- Elefthero Location within Greece
- Coordinates: 40°9.1′N 21°25.2′E﻿ / ﻿40.1517°N 21.4200°E
- Country: Greece
- Administrative region: Western Macedonia
- Regional unit: Grevena
- Municipality: Grevena
- Municipal unit: Grevena

Area
- • Community: 11.177 km^{2} (4.315 sq mi)
- Elevation: 670 m (2,200 ft)

Population (2021)
- • Community: 169
- • Density: 15.1/km^{2} (39.2/sq mi)
- Time zone: UTC+2 (EET)
- • Summer (DST): UTC+3 (EEST)
- Postal code: 511 00
- Area code: +30-2462
- Vehicle registration: PN

= Elefthero, Grevena =

Elefthero (Ελεύθερο, before 1927: Κοντσικιότι – Kontsikioti) is a village and a community of the Grevena municipality. Before the 2011 local government reform it was a part of the municipality of Grevena, of which it was a municipal district. The 2021 census recorded 169 residents in the community. The community of Elefthero covers an area of 11.177 km^{2}.

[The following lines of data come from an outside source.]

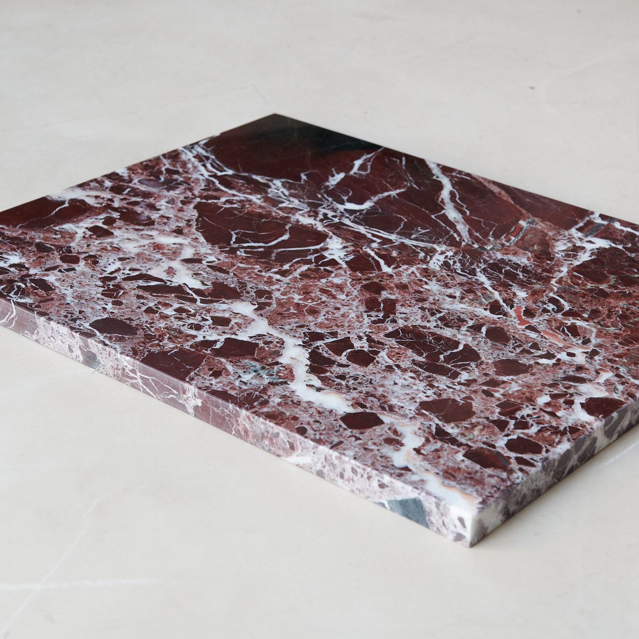 Tabla de mármol burdeos acabado pulido. Es un complemento perfecto para decorar cualquier estancia de la casa. Su espectacular veteado y su diseño clásico y elegante lo convierten en una pieza singular.
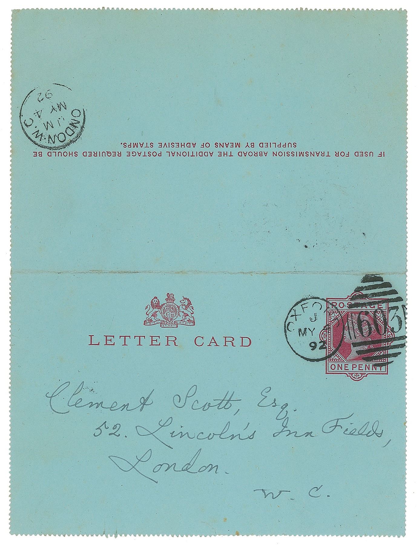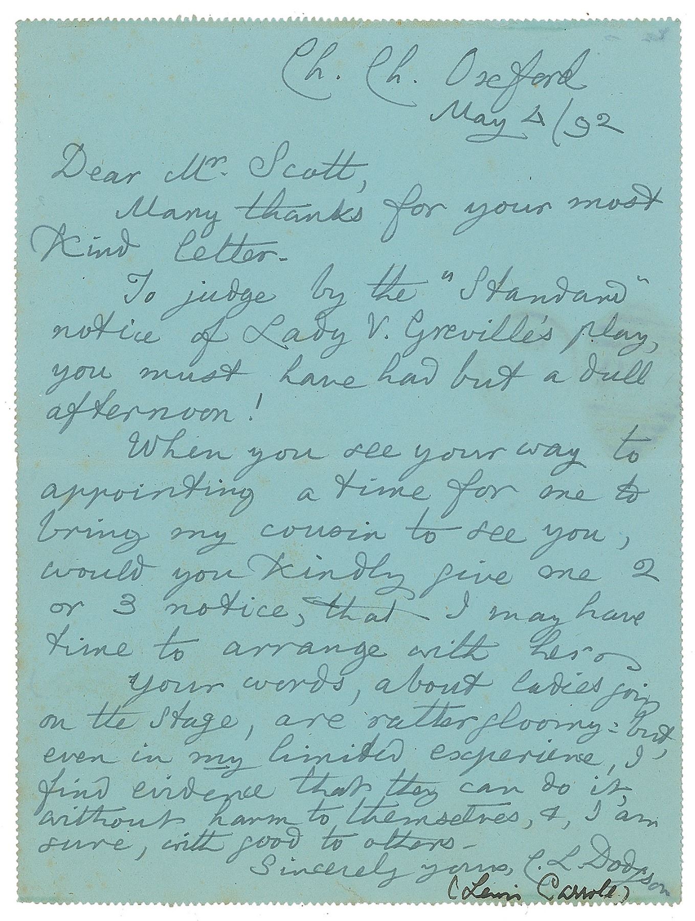 ALS signed “C. L. Dodgson,” one page, 4.75 x 6.25, May 4, 1892. Letter to drama critic Clement Scott, in part: "To judge by the 'Standard' notice of Lady V. Greville's play, you must have had but a dull afternoon! When you see your way to appointing a time for me to bring my cousin to see you, would you kindly give me 2 or 3 notice, that I may have time to arrange with her. Your words, about ladies going on the stage, are rather gloomy: but, even in my limited experience, I find evidence that they can do it, without harm to themselves, &, I am sure, with good to others." Annotated "Lewis Carroll" below the signature in another hand. In fine condition.
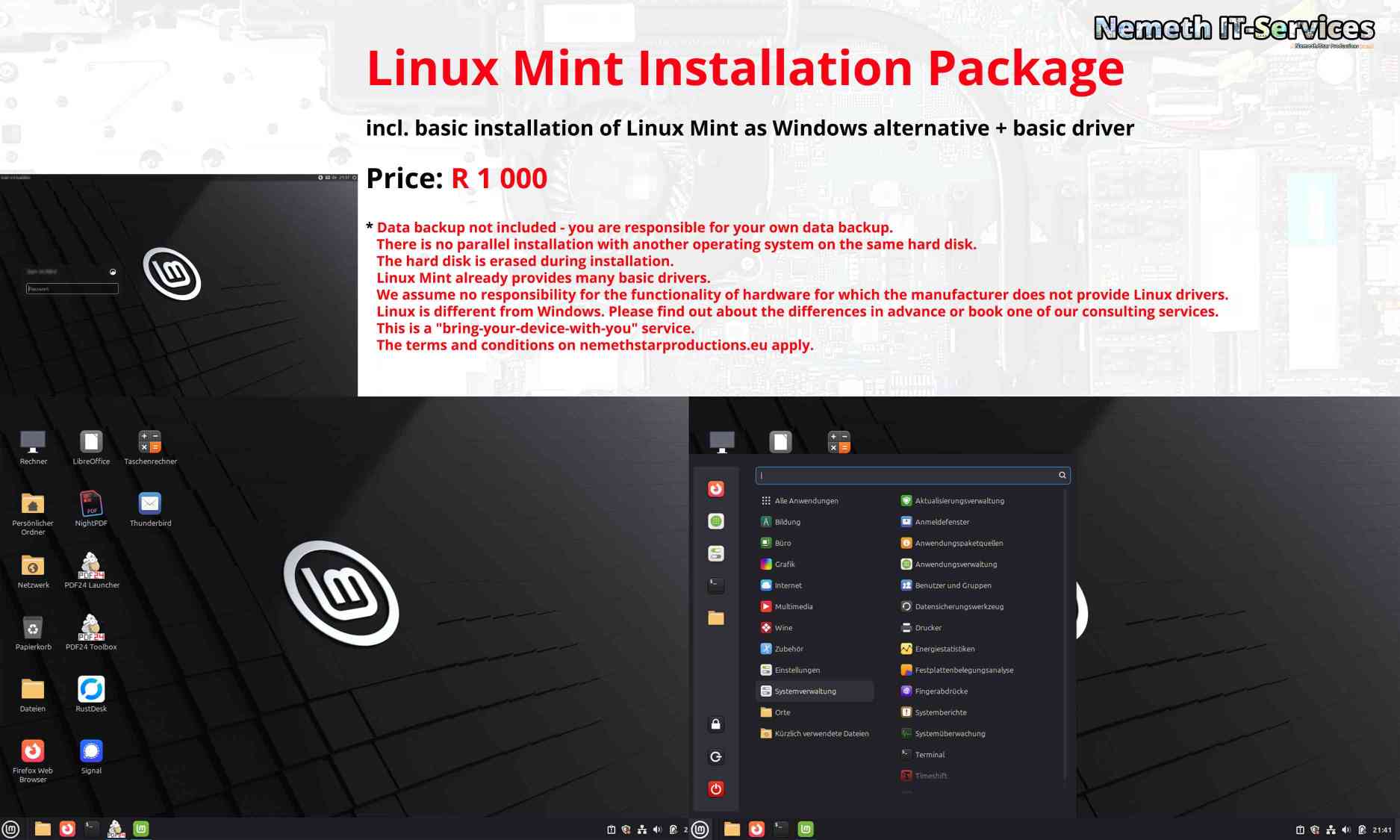 | Linux Mint Basic Installation | €97 / R 1,000 | Book | Book | + travel costs |
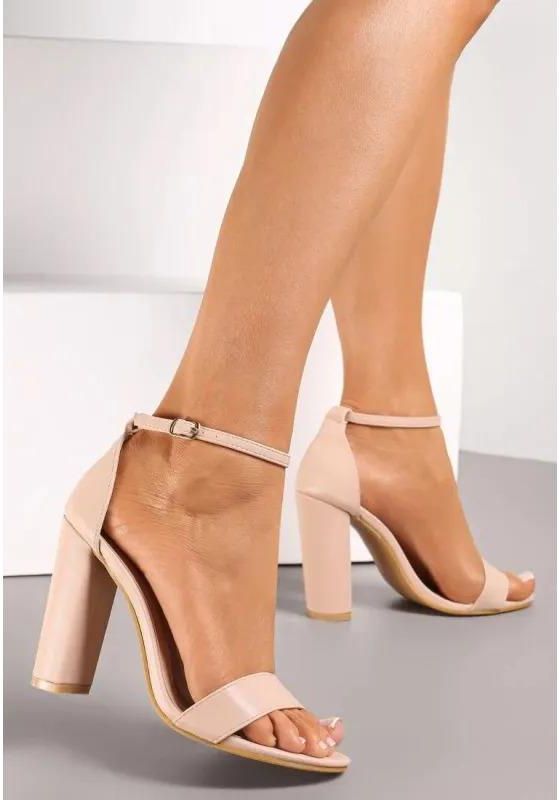 Sandały Messei z pojedynczym paskiem przy palcach i wokół kostki. Zapinane na sprzączkę. Osadzone na wysokim słupku. To idealne sandały na wesele. - Kolor: Różowy - Tęgość stopy: Neutralny - Rodzaj obcasa: Słupek - Wkładka/wyściółka: Ekoskóra - Materiał: Ekoskóra - Nosek buta: Otwarty - Zapięcie: Sprzączka - Sezon: Wiosna, Lato - Wysokość obcasa: 10cm

==Administrative division==
The community of Elefthero consists of two separate settlements:
- Elefthero (population 35 as of 2021)
- Elefthero Prosfygon (population 134)

==Population==
The 1920 Greek census recorded 132 people in the village. Following the Greek–Turkish population exchange, Greek refugee families in Kontsikioti were from Pontus (90) in 1926. The 1928 Greek census recorded 442 village inhabitants. In 1928, the refugee families numbered 90 (307 people).